What is needed is an exact reproduction of the lines from the one that contains "Touch İthal Etnik" through the end of the data, both included and nothing else, with pictures omitted.

> _DATA SEGMENT_:
════════

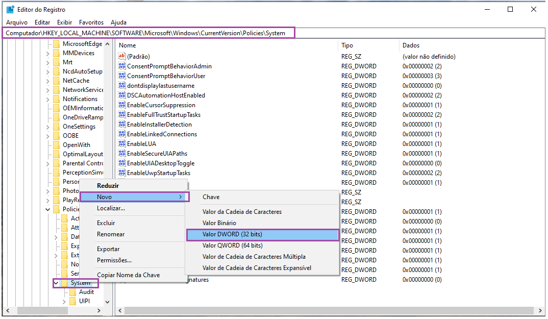 4. Clique com o botão direito em cima de System > Novo > Valor DWORD (32 bits)
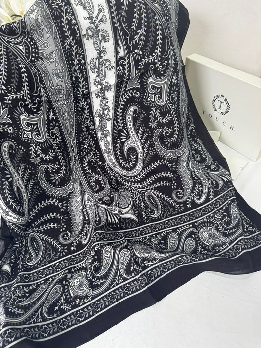 Touch İthal Etnik Desen Pamuk İpek Şal 63460- Siyah
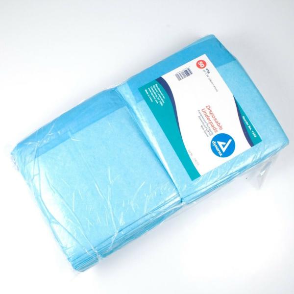 This product includes some polymer, 40-gram weight, and is packaged in clear bags. The pad has moderate absorbency and is not made with natural rubber latex. Underpads are frequently used for those who struggle with incontinence, and for those who are looking to keep their mattress, bedding, and furniture clean and stain-free. Incontinence at night and while seated or lying can cause staining and looming wetness, so an underpad helps to prevent these issues. This blue underpad has a blue back sheet, poly backing, and a nonwoven top sheet. These underpads are disposable.
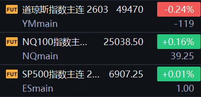 2月5日,美股三大股指期貨升跌不一,截止發稿,道指期貨跌0.24%,納指期貨漲0.16%,標普500指數期貨漲0.01%。

════════

> _RESPONSE TO THE TASK_:
 Touch İthal Etnik Desen Pamuk İpek Şal 63460- Siyah
 This product includes some polymer, 40-gram weight, and is packaged in clear bags. The pad has moderate absorbency and is not made with natural rubber latex. Underpads are frequently used for those who struggle with incontinence, and for those who are looking to keep their mattress, bedding, and furniture clean and stain-free. Incontinence at night and while seated or lying can cause staining and looming wetness, so an underpad helps to prevent these issues. This blue underpad has a blue back sheet, poly backing, and a nonwoven top sheet. These underpads are disposable.
 2月5日,美股三大股指期貨升跌不一,截止發稿,道指期貨跌0.24%,納指期貨漲0.16%,標普500指數期貨漲0.01%。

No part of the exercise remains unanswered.